Vers la mort de l’artisanat? (Edition 2008-07)

Cédric Diserens a propos de l’accord Swiss/Kuoni

Depuis quelque temps, Swiss (avec l’aide de sa grande sœur Lufthansa)
donne des signes d’une attitude hautaine et semble plus que jamais
vouloir faire cavalier seul dans le monde des voyages de notre pays.
Aujourd’hui, la tendance semble se confirmer avec l’annonce du
partenariat Swiss/Kuoni. Les agences de voyages ont de quoi se sentir
quelque peu abandonnées et il semblerait que le fair-play soit
résolument à placer dans les valeurs désuètes.

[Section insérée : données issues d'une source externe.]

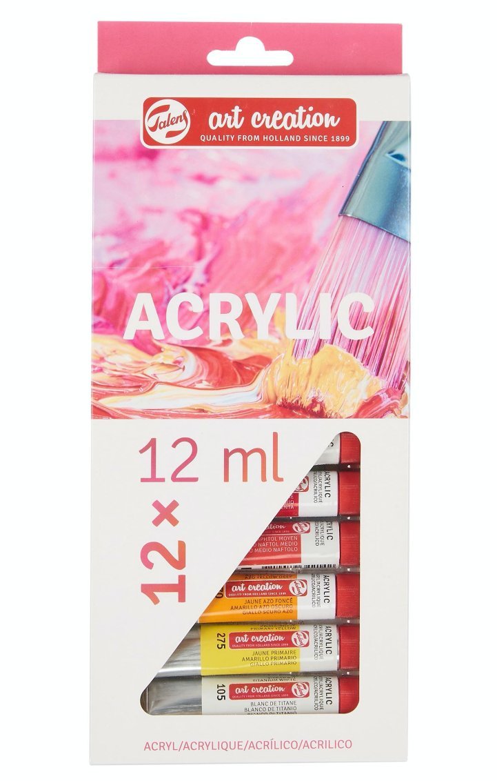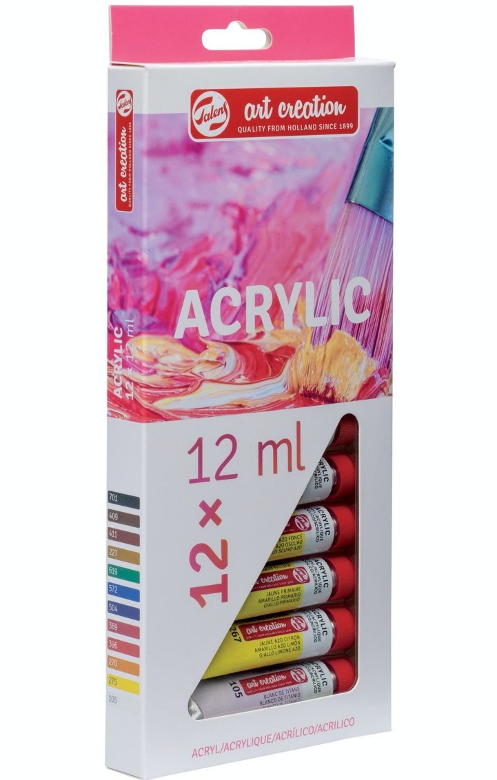 Culoarea acrilică Talens Art Creation este o vopsea acrilică de încredere, de calitate, pe bază de rășină acrilică. Vopseaua are o consistență cremoasă, se usucă rapid și are un luciu mătăsos când este uscată. Aceste culori acrilice pot fi folosite atât direct din tub, cât și diluate cu apă și sunt rezistente la apă atunci când sunt uscate. Culorile sunt ușor de amestecat între ele și ușor de utilizat datorită capacului de dozare.
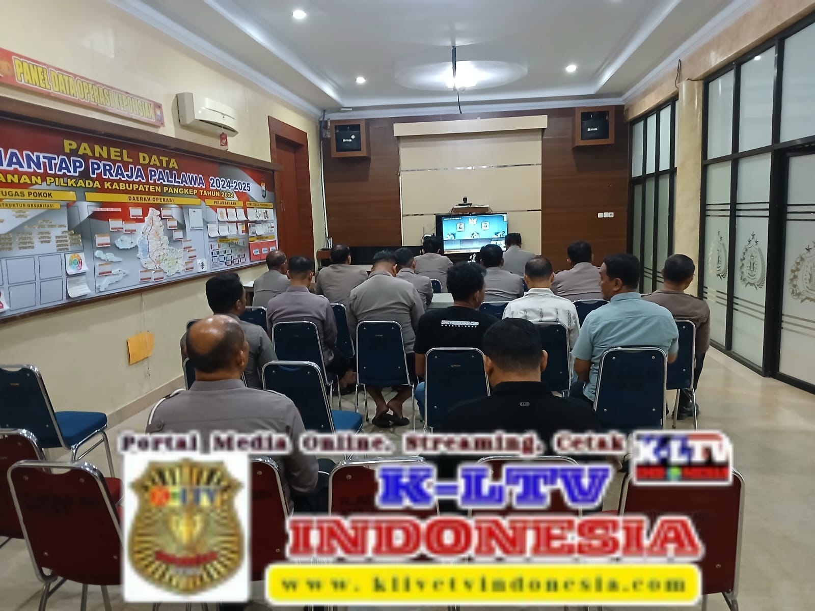 Pangkep – Kapolres Pangkep AKBP Muhammad Husni Ramli, S.I.K., M.H., M.Tr.Opsla. bersama Pejabat Utama (PJU) Polres Pangkep mengikuti kegiatan Video Conference (Vicon) pimpinan Kapolri dalam rangka Analisis dan Evaluasi (Anev) Situasi Keamanan dan Ketertiban Masyarakat (Sitkamtibmas) terkini, bertempat di Aula Andi Mappe Polres Pangkep, Selasa (14/10/2025).
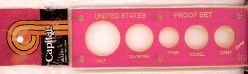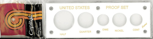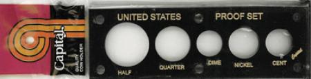 Capital Plastics offers the largest selection of premium coin holders of any available brand. This holder has five holes for a proof set (cent through half only).
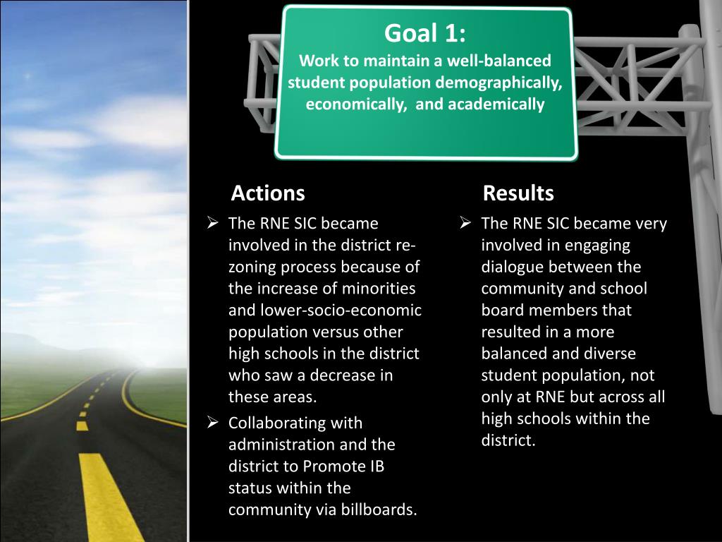 Goal 1: Work to maintain a well-balanced student population demographically, economically, and academically • The RNE SIC became involved in the district re-zoning process because of the increase of minorities and lower-socio-economic population versus other high schools in the district who saw a decrease in these areas. • Collaborating with administration and the district to Promote IB status within the community via billboards. • The RNE SIC became very involved in engaging dialogue between the community and school board members that resulted in a more balanced and diverse student population, not only at RNE but across all high schools within the district. Actions Results
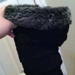 Brand new black wedge boots. Way to big so never worn. Fuzzy on the top, zips up. Size 11
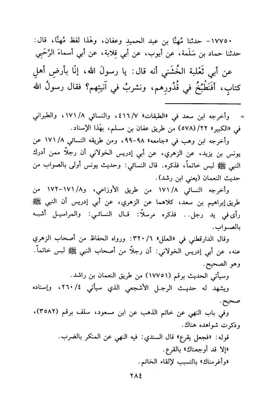 ١٧٧٥٠ - حَدَّثَنَا مُهَنَّا بْنُ عَبْدِ الْحَمِيدِ، وَعَفَّانُ وَهَذَا لَفْظُ مُهَنَّا، قَالَ: حَدَّثَنَا حَمَّادُ بْنُ سَلَمَةَ، عَنْ أَيُّوبَ، عَنْ أَبِي قِلَابَةَ، عَنْ أَبِي أَسْمَاءَ الرَّحَبِيِّ، عَنْ أَبِي ثَعْلَبَةَ الْخُشَنِيِّ، أَنَّهُ قَالَ: يَا رَسُولَ اللهِ، إِنَّا بِأَرْضِ أَهْلِ كِتَابٍ، أَفَنَطْبُخُ فِي قُدُورِهِمْ، وَنَشْرَبُ فِي آنِيَتِهِمْ؟ فَقَالَ رَسُولُ اللهِ صَلَّى اللهُ عَلَيْهِ وَسَلَّمَ: "
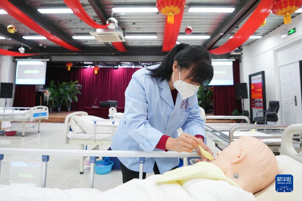 老年人衣物穿脫、飲食照護、清潔照護、急救操作……這些是幾天專項培訓中,薛四四不斷學習和強化練習的內容。
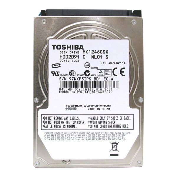 Жесткий Диск Toshiba MK1246GSX 120Gb SATAII 2,5" HDD информация:
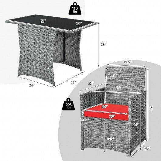 Specifications: Color of rattan: Mixed gray Color of cushion: Gray/Navy/Red/Turquoise/White Material: Steel PE rattan sponge tempered glass polyester fabric Dimension of table:41" x 25" x 28" (L x W x H) Dimension of each chair: 26" x 22" x 34" (L x W x H) Dimension of cushion: 20" x 20" x 2.4" (L x W x Thickness) Seat height from the ground: 16.5" Net weight of table: 26.5 lbs Net weight of each chair: 15 lbs Weight capacity of table: 110 lbs Weight capacity of each chair: 350 lbs Box Qty: 1(May vary by batch)Package includes: 1 x Table 2 x Chairs 2 x Cushions 1 x Instruction
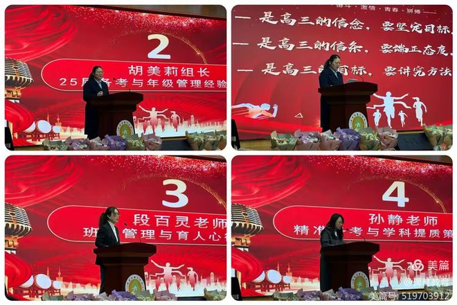 随后,经验分享环节干货满满:胡美莉组长结合2025届备考全周期管理实践,从“年级节奏把控、资源统筹调配、师生状态激励”三方面,详解“分层施策、动态调整”的备考管理模式;段百灵老师以“班级为核、育人为本”为切入点,分享“个性化成长档案 + 小组互助机制”的班级管理经验,阐释“以心育心、以行导行”在高考备考中的育人价值;孙静老师则聚焦学科提质,围绕“课标解读、考题研究、课堂增效、作业精准”四大维度,提出“以考定教、以练促能”的学科备考策略,为各学科精准发力提供了实操参考。

Avec cet accord, les producteurs s’associent pour démarcher directement
le client, au détriment du distributeur qui ne semble plus être le
bienvenu. Cela se ressent dans les termes qu’utilise Kuoni lorsqu’il
est clairement dit, en parlant de la vente des hôtels du voyagiste sur
le site Swiss.com, que «ces offres qui s’adressaient jusqu’ici
exclusivement aux bureaux de voyages et à d’autres voyagistes pourront
aussi être utilisées par des privés».

Bien entendu, on ne peut pas totalement exclure l’intermédiaire, alors
on l’associe pour la vente «de sièges individuels sur les vols
d’Edelweiss Air qui seront par ailleurs commercialisés par le biais de
Swiss.com, des bureaux de voyages, des Call Centers et de kuoni.ch»,
toujours Kuoni dixit. L’agent de voyages est parqué quelque part entre
le site et les Call Centers des deux prestataires. De là à tirer un
parallèle avec «l’affaire» Helvetic Tours… il n’y a qu’un pas.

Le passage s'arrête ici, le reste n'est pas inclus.